Given that alcohol will dissipate from breast milk in time, the safest course is to allow sufficient time between drinking and nursing so that the mother can fully metabolize the alcohol. In addition, and contrary to folklore, alcohol does not aid lactation and may actually decrease it for several hours following consumption.
"A reduction in infant consumption, apparently due to a decrease in the mother's milk yield, directly contradicts folklore/anecdotal claims of alcohol aiding in lactation," said Gunzerath. "Furthermore, the presumption that the effects of maternal alcohol consumption passed through breast milk may relax the infant and thus promote sleep has not been demonstrated. In fact, short-term alterations that are consistent with alcohol's effects on adults have been found in infants' sleep-wake patterning. However, deficits in both consumption and sleep are short-lived, in that the infant later 'makes up the difference' or compensates, provided that the mother's alcohol consumption is not maintained."
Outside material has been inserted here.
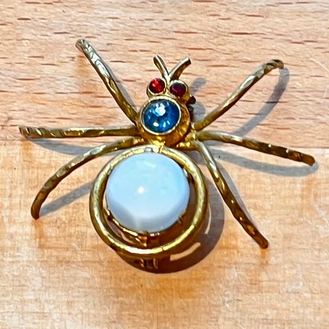 Brosjen har en detaljert edderkoppform med en større rød stein som kropp og mindre grønne steiner som øyne.

Infants may be able to link memories with the sensory input experienced during nursing, which may include the flavor of alcohol in their mothers' milk. "One study found that infants who had more exposure to alcohol behaved differently – that is, were more interested – in the presence of an alcohol-scented toy versus a neutral toy than did infants with less alcohol exposure," said Gunzerath.
Although elderly drinkers reach higher blood alcohol concentrations at lower levels of consumption than younger drinkers, there is no evidence that moderate alcohol consumption causes cognitive impairment as one ages.
"The inconclusive nature of the relationship between moderate alcohol use and Alzheimer's dementia is likely due in part to the role that genetics plays in Alzheimer's occurrence," said Gunzerath. "About 25 percent of Alzheimer cases are hereditary; they are caused by mutated genes and tend to cluster in families. Although the remaining 75 percent are classified as sporadic, with no other blood relatives known to be affected, genetics may nonetheless play some role. We do not yet know if alcohol use may increase susceptibility for some genetic combinations and offer a protective effect in others."
Given the complex nature of both Alzheimer's and macular degeneration (a reduced ability to see fine detail, and a leading cause of vision loss in older Americans), as well as the absence of further findings, Gunzerath suggested that elderly individuals refrain from altering moderate levels of alcohol consumption in an attempt to affect risk.
Gunzerath added that the review findings can be condensed into two key "take-away" messages.
"Drinking patterns are at least as important as total consumption in terms of alcohol's harms and benefits," she noted. "Low per-occasion consumption occurring regularly – for example, one or two drinks per day, four days a week – generally confers greater benefits and poses less harm than the same total amount consumed all at once. Secondly, the relationship between moderate alcohol consumption and disease outcome is influenced by numerous individual differences – age, sex, genetic susceptibility, lifestyle factors, metabolic rate, etc. Protective and detrimental levels of alcohol consumption cannot be generalized across the population but instead should be determined by an individual in consultation with her or his health-care provider."